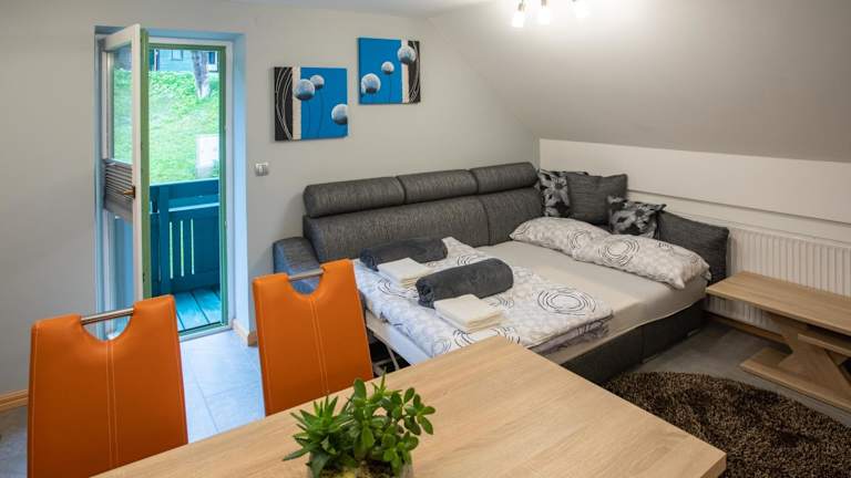 Das Apartment im Apartma Borovnica Rogla bietet alles, was Sie für einen komfortablen Aufenthalt benötigen. Mit einem Schlafzimmer, einem Wohnzimmer und einer voll ausgestatteten Küche haben Sie genügend Platz, um sich wie zu Hause zu fühlen. Der Balkon bietet einen atemberaubenden Blick auf die umliegende Berglandschaft. Handtücher und Bettwäsche werden gestellt, um Ihren Aufenthalt so angenehm wie möglich zu gestalten.
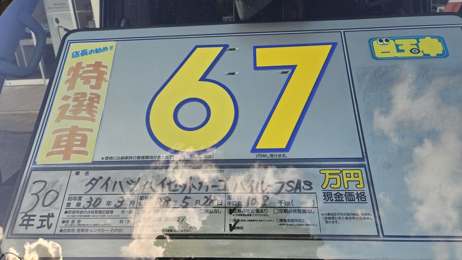 コミコミ総額:67万円 メーカー:ダイハツ 車種:ハイゼットカーゴ ハイルーフSAⅢ 色:白
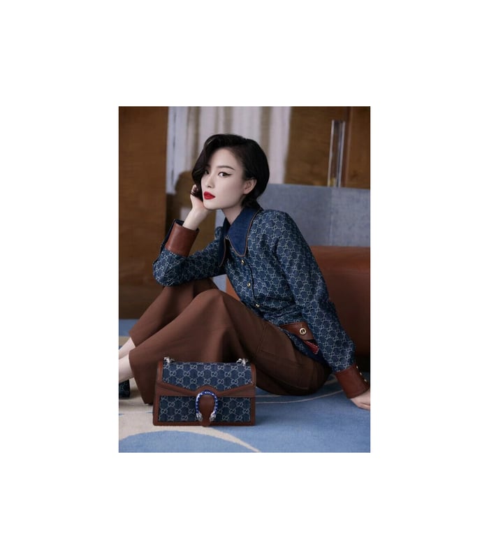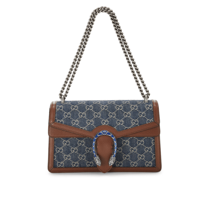 From the Epilogue collection, this timeless piece breaks away from fashion’s fleeting trends. Crafted from eco-washed organic GG jacquard denim, the iconic Dionysus features the House’s signature tiger head closure with blue enamel detailing.
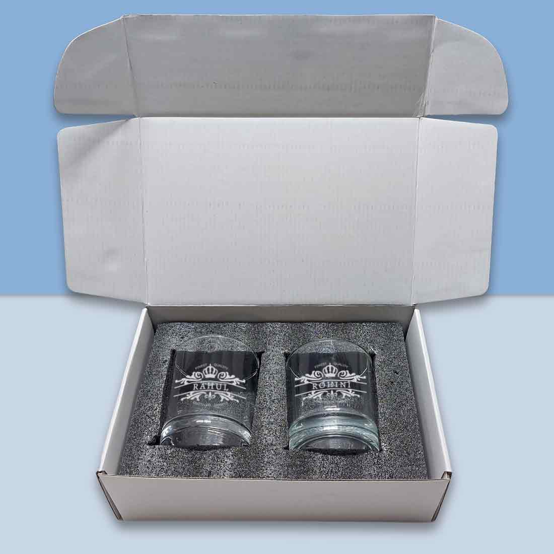 - Print or Engrave: Nutcase Personalize Whiskey Glasses are available in Print or Engraved Options. If you want black font on your glass, select PRINT, if you want Whitish effect please select ENGRAVED.

*Task to complete:* The listing must be returned in full and exactly, apart from its pictures.

*Worked solution:*
 Das Apartment im Apartma Borovnica Rogla bietet alles, was Sie für einen komfortablen Aufenthalt benötigen. Mit einem Schlafzimmer, einem Wohnzimmer und einer voll ausgestatteten Küche haben Sie genügend Platz, um sich wie zu Hause zu fühlen. Der Balkon bietet einen atemberaubenden Blick auf die umliegende Berglandschaft. Handtücher und Bettwäsche werden gestellt, um Ihren Aufenthalt so angenehm wie möglich zu gestalten.
 コミコミ総額:67万円 メーカー:ダイハツ 車種:ハイゼットカーゴ ハイルーフSAⅢ 色:白
 From the Epilogue collection, this timeless piece breaks away from fashion’s fleeting trends. Crafted from eco-washed organic GG jacquard denim, the iconic Dionysus features the House’s signature tiger head closure with blue enamel detailing.
 - Print or Engrave: Nutcase Personalize Whiskey Glasses are available in Print or Engraved Options. If you want black font on your glass, select PRINT, if you want Whitish effect please select ENGRAVED.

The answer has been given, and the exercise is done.